Boxing shadows in Poland

The Communists in Poland and their secret agents are alive and well - in the minds of right-wing politicians - more than a decade after Communism fell. Although most of these politicians were hardly heroes of the fight against Communist rule, their attacks grow more stringent every time a policy fails or their dismal standing in public opinion dips another point. But this stance does not let politicians and governments do what people want them to do - govern and solve problems.

Last month, two Polish candidates had their campaigns for the October presidential election interrupted by charges they'd been agents of the old Communist secret police. One is Solidarity hero and former President Lech Walesa. The other, the current, highly popular President and former Communist official Alexander Kwasniewski. The issue? Not whether they were part of the secret police, but just whether they lied about being agents.

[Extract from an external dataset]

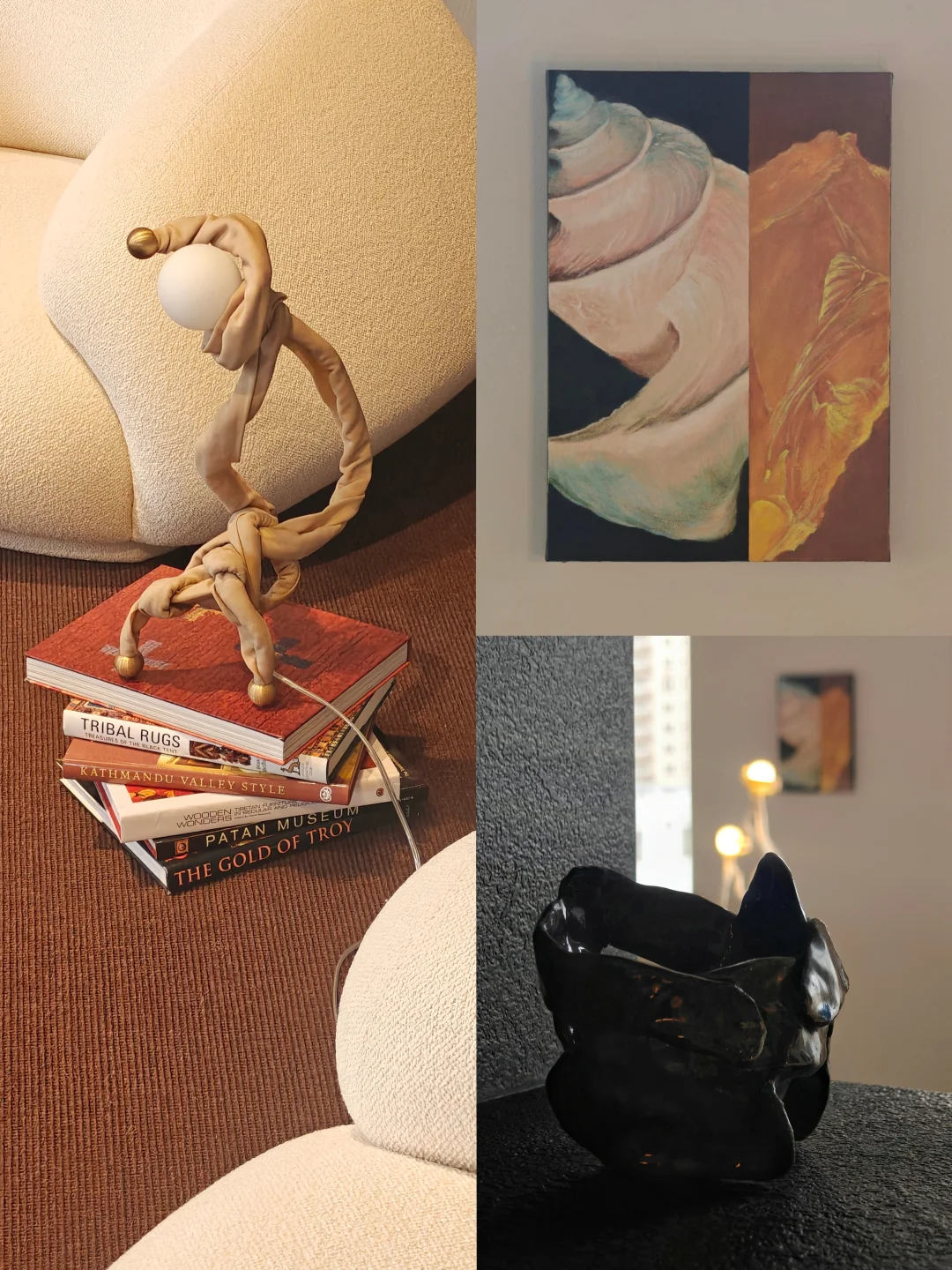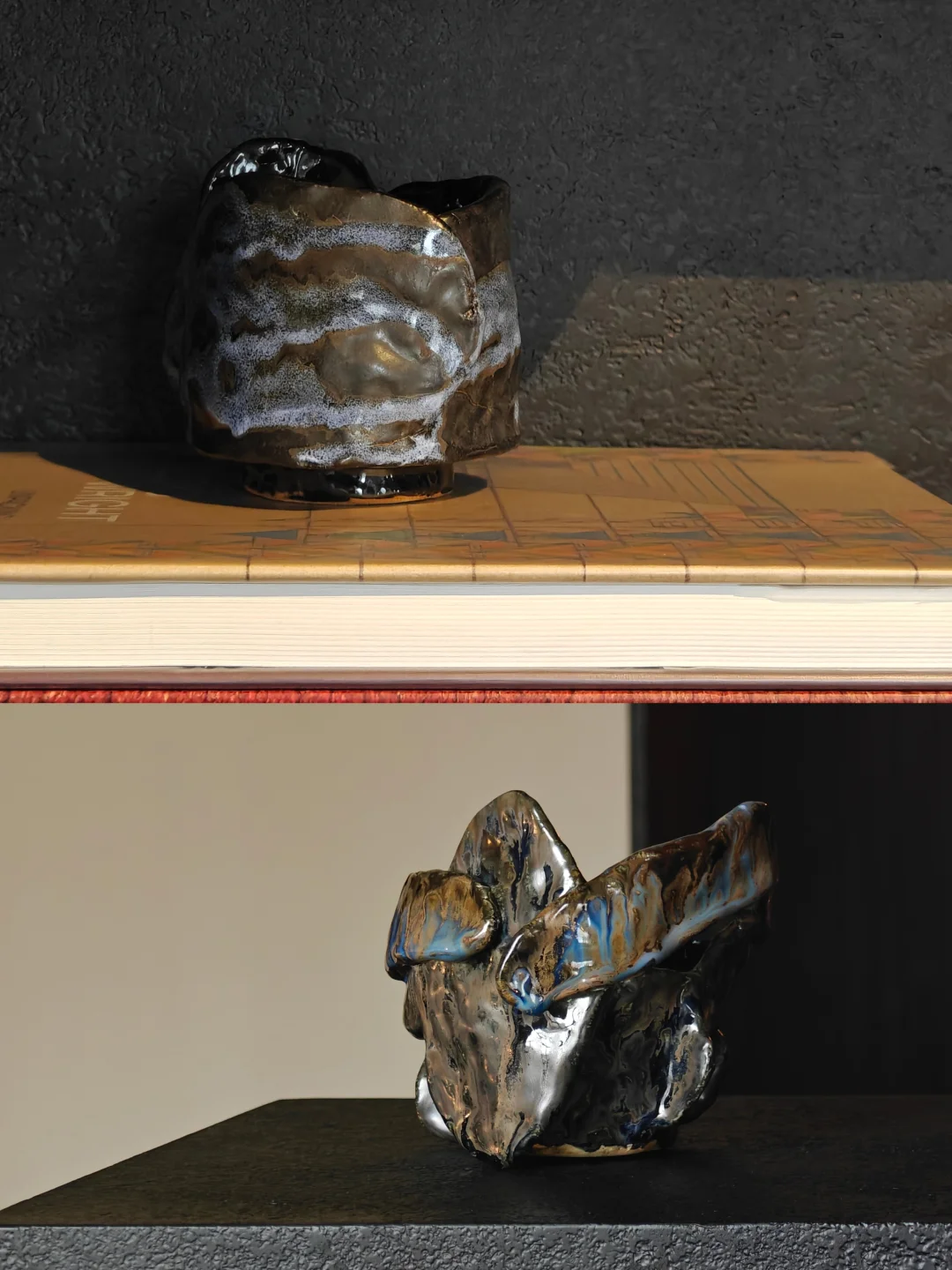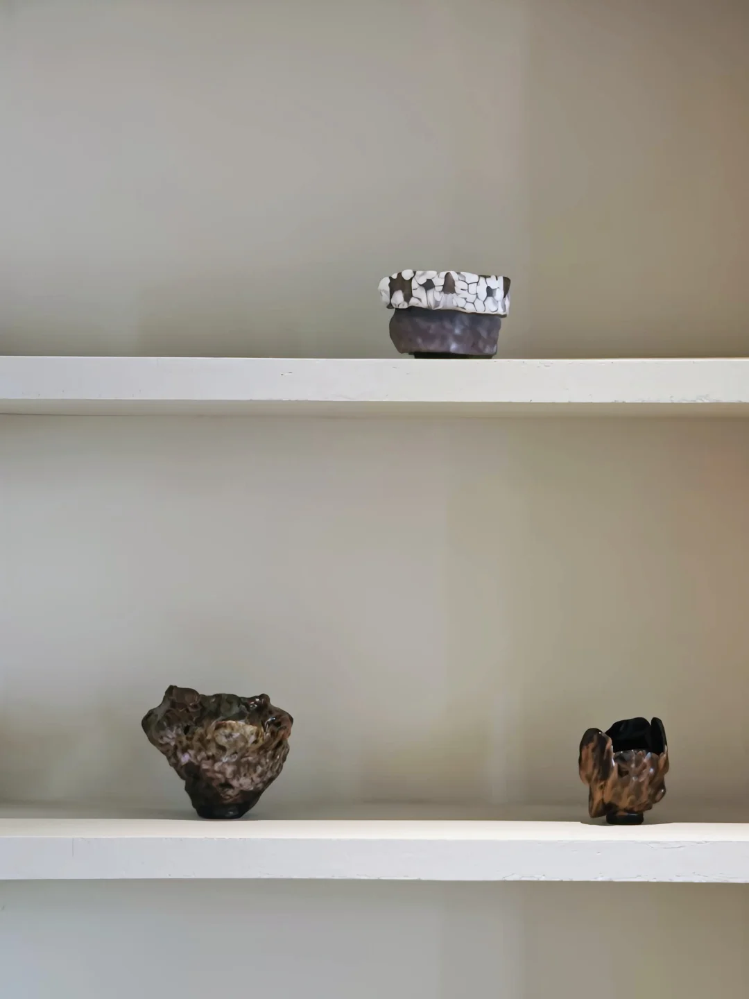 手工捏塑和混合媒介创作,从自然地貌中汲取灵感。用粗砺肌理与内在色彩反差,呈现自然与时间的原生力量。

The 1997 law, enacted to end the political controversy over how to handle the Communist past, requires that officials admit to having been agents of the Communist secret police. They can be denied their posts for not admitting to it, but not actually for having been police agents. Now, investigations and secret trials of accused officials have cast aspersions on these two former presidents and on an array of government ministers and legislators, as well as judges, lawyers, and lesser government officials.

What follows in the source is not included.